Commuter rail in Asturias, Spain

Cercanías Asturias is a commuter rail service operating in Autonomous Community of Asturias, mainly in the central area of the region.

== History ==
During the second half of the 20th century, Renfe operated several services on all the Iberian-gauge lines and circulated as suburban trains. They were popularly known as "cercanías", but Renfe did not have a specific structure for them. This changed in the 80s when the company began plans to create a defined and organised service, which was inaugurated in 1989.

At first they were divided into C-1 (Puente de los Fierros-Gijón), C-2 (Oviedo-El Entrego), C-3 (Trubia-Oviedo) and C-4 (Oviedo-Avilés) services. Nevertheless, in 1999, as part of an urbanistic project called the Green Belt, the Fuso de la Reina branch to Oviedo was closed and the former Iberian-gauge C-3 line (Oviedo-Trubia railway line) was converted into narrow-gauge.
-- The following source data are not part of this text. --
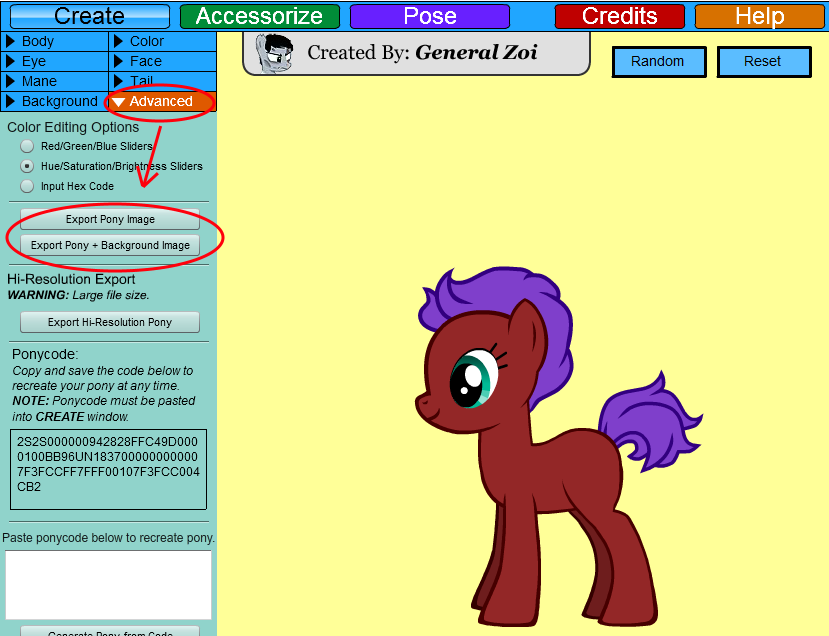 Чтобы сохранить картинку, жмите Advanced - Export Pony Image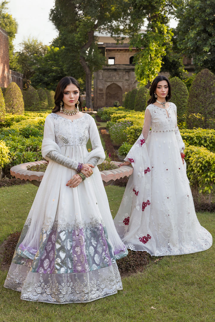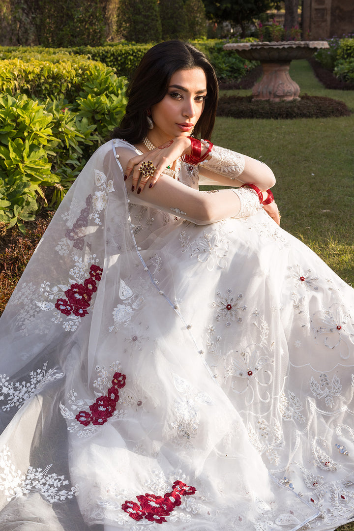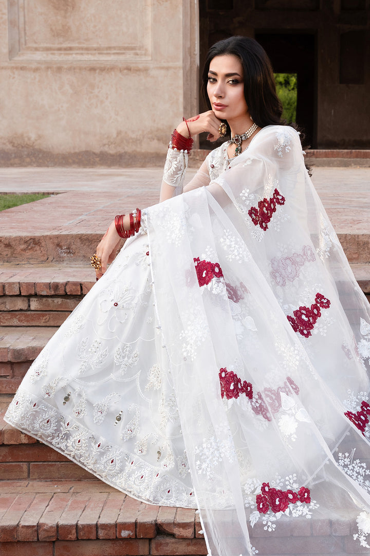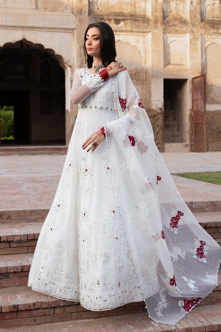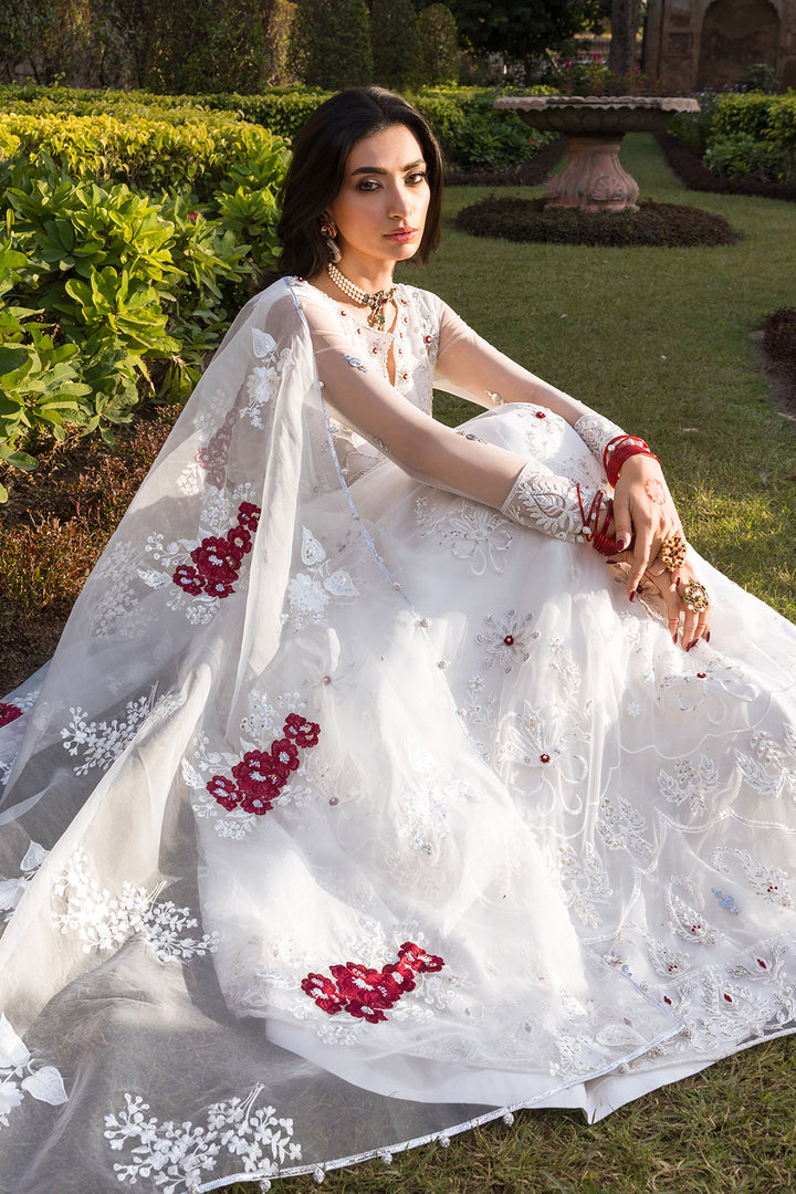 This elegant ensemble features a timeless white Anarkali-style dress crafted on a delicate net base, adorned with intricate embroidery and hand embellishments. Fine threadwork is beautifully complemented by the shimmer of hand-applied crystals, pearls, and mukesh, while rich maroon thread knots add depth and contrast. The keyhole neckline and sheer sleeves enhance its feminine appeal bringing a touch of luxury. Paired with an embroidered organza dupatta showcasing floral bunches in resham and tilla, the flowy silhouette creates a regal and graceful look—ideal for festive or formal occasions, radiating sophistication with subtle charm.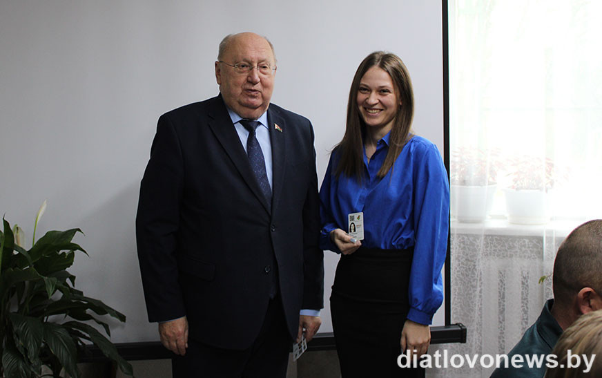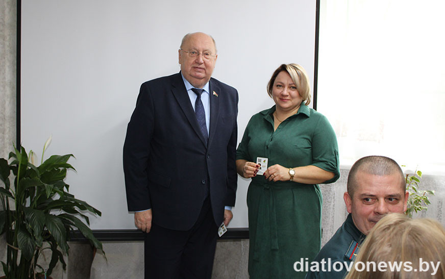 У рамках правядзення Адзінага дня інфармавання ў Дзятлаве адбылася яшчэ адна прыемная падзея – уручэнне партыйных білетаў новым членам раённага аддзялення Беларускай партыі “Белая Русь”. Яго кіраўнік, старшыня раённага Савета дэпутатаў Аляксандр Бараноўскі, павіншаваў са статусам партыйцаў работнікаў дзіцячага сада № 1, сацыяльна-педагагічнага цэнтра горада Дзятлава і раённага цэнтра карэкцыйна-развіваючага навучання і рэабілітацыі.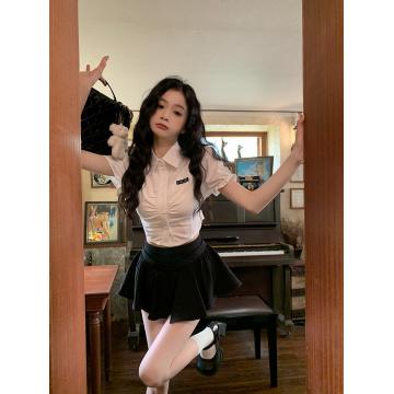 TR61632# 学院风jk套装泡泡袖衬衫+辣妹高腰显瘦a字短裙裤女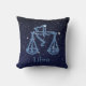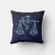 Wurfskissen, welches das Tierkreissymbol für Waage im weichen silbernen Blau, bedeckt mit den Sternen der Konstellation, gegen einen sternenklaren Himmelhintergrund geordnet vom tiefen Mitternachtsblau, um zu schwärzen kennzeichnet.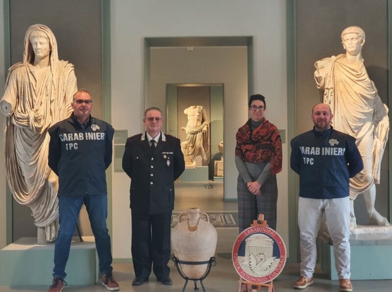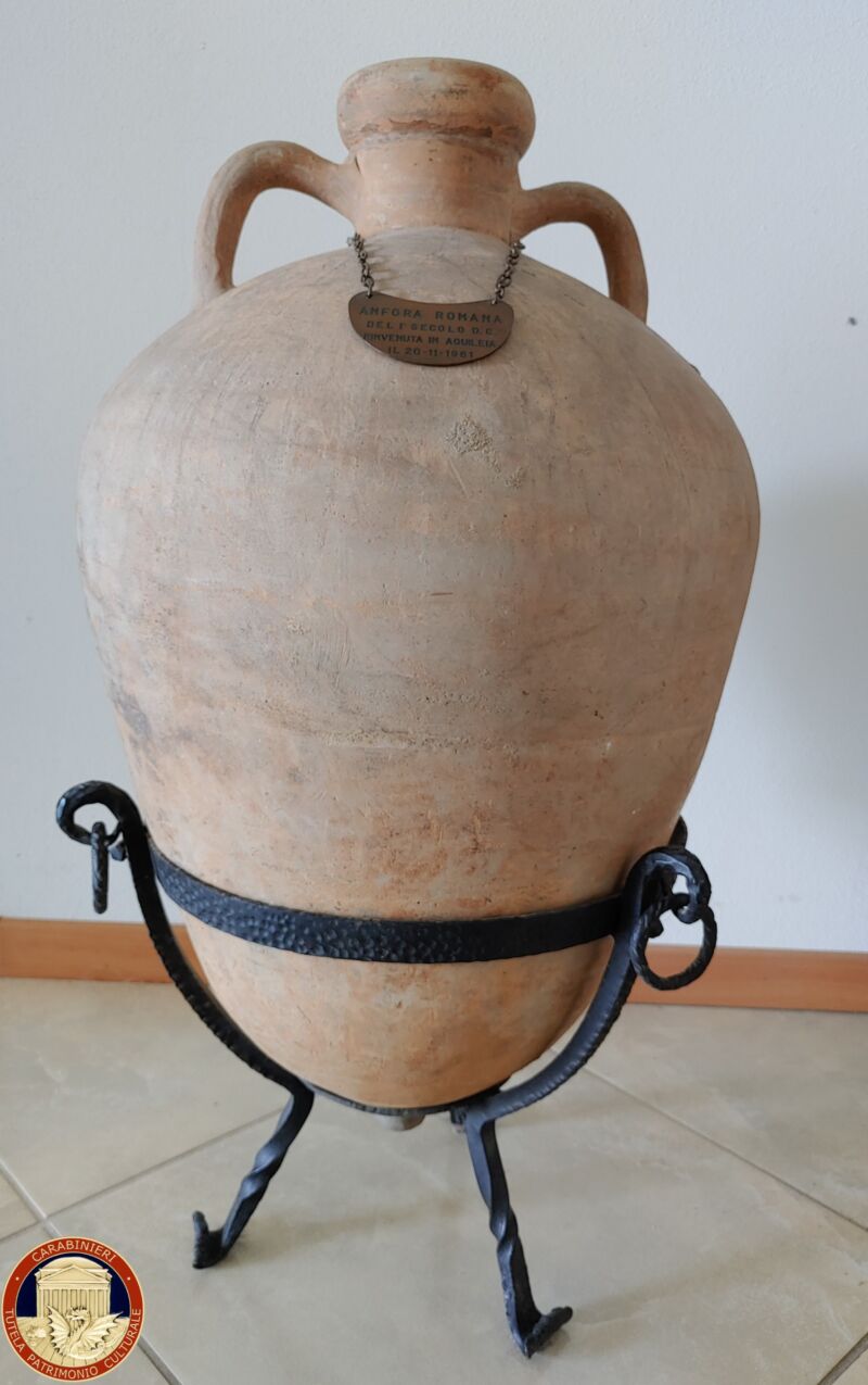 Il 21 gennaio 2025, ad Aquileia, i Carabinieri del Nucleo Tutela Patrimonio Culturale di Udine hanno consegnato al Museo Archeologico Nazionale un’anfora romana in terracotta, risalente al I sec. d.C., prelevata illecitamente nel 1961 ed individuata nell’abitazione di un privato cittadino residente a Trento.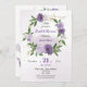 Drömlig romantisk lila blommor och grönt löv arrangerad på en guld-cirkel inbjudningskort för möhippan. glitter-detaljerna simuleras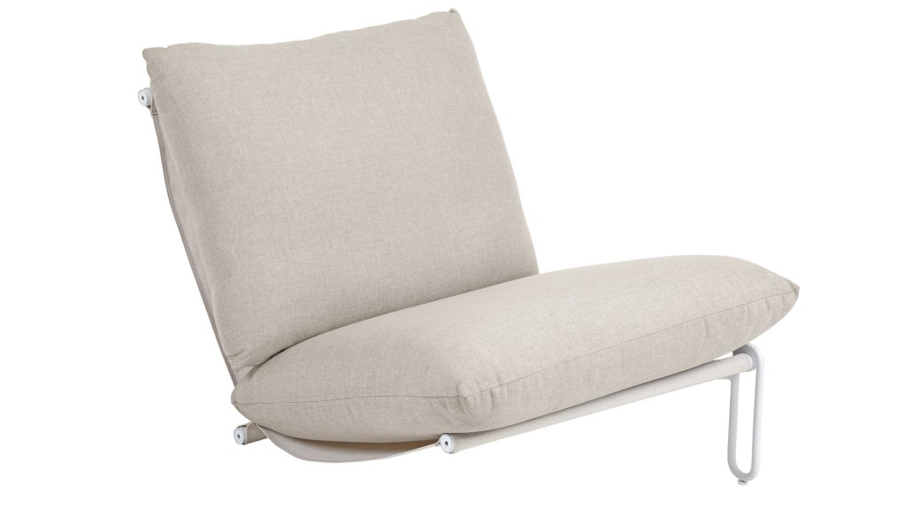 A comfortable armchair that makes a statement. The sloping seat and open aluminum frame create a delightful place to relax. The cushions are available in pink, gray, and beige. The BRAFAB BLIXT sectional sofa for outdoor use is part of the BRAFAB range of outdoor furniture and is a modern modular sofa with an aluminum frame and a seat made of textilene. The comfortable cushions are made of water-repellent Olefin fabric. Each chair can be used as a standalone armchair or connected together to create an outdoor sofa as long as you want!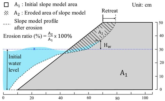 Figure 3 illustrates the assessment methods for erosion ratio, the run-up height of the wave (Hw), and retreat, as described by Peng et al. [26]. A1 represents the initial surface area of the slope before a test, while A2 represents the area of the slope materials that has been eroded within the initial slope profile. The run-up height of the wave is the difference in elevation between the highest point reached by the wave as it climbs up the slope and the initial water level. Retreat refers to the reduced distance of the crown of the slope model.
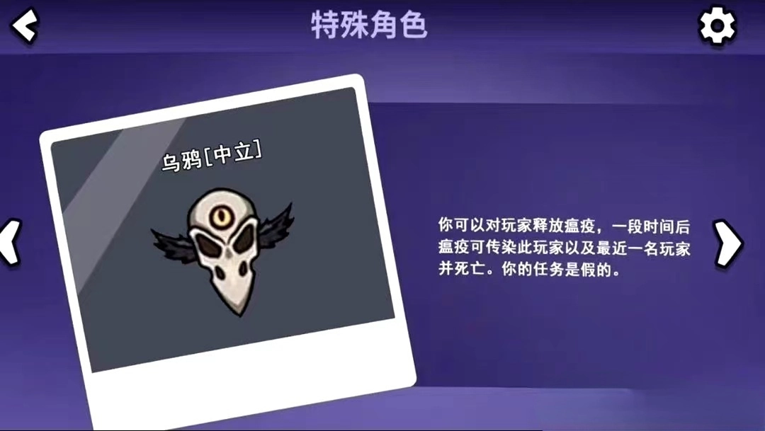 1、乌鸦是中立阵营的角色,技能是对附近的玩家释放瘟疫,中瘟疫的玩家10s后会将瘟疫传染给附近最近的一名玩家并且两人一起阵亡,你的任务是假的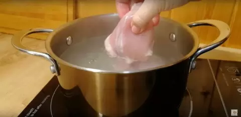 Первым делом куриные бедра отвариваются в подсоленной воде. В зависимости от выбора мяса, процесс займет около 30 минут для бедер и 15 для грудок. Пока варится курица, можно заняться грибами. Лук мелко нарезают и обжаривают на растительном масле до золотистого цвета, после чего к нему добавляют предварительно отваренные грибы. Жарят все вместе еще на протяжении пяти минут.

In 2013, after the merger of Feve with Renfe, its six metric-gauge lines came to be operated by Renfe Feve (renamed as Cercanías AM in 2021). Since 2023, all nine lines were unified under Cercanías, and payments with Conecta, an Asturian fare card valid for all the means of transport under the umbrella of the Asturian Consortium of Transportation, were enabled. Since 2024, tickets can be paid by credit card.

==Lines==

| Line | Route | Stations |
|---|---|---|
|  | Puente de los Fierros – Gijón | 27 |
|  | Oviedo – El Entrego | 13 |
|  | Llamaquique – Avilés | 14 |
|  | Gijón – Cudillero | 33 |
|  | Gijón – La Pola de Llaviana/Pola de Laviana | 26 |
|  | Gijón – Oviedo | 6 |
|  | Oviedo – L'Infiestu | 20 |
|  | Oviedo – San Esteban | 21 |
|  | Baíña – Coḷḷanzo | 18 |

== Fare system ==
Cercanías Asturias is integrated into the Asturias Consortium of Transportation Fare system, which is applied when using Conecta. Furthermore, this service has its own fare system for one-way tickets. The CONECTA system is also valid in Asturian stations outside the hub, and has its own zonal map.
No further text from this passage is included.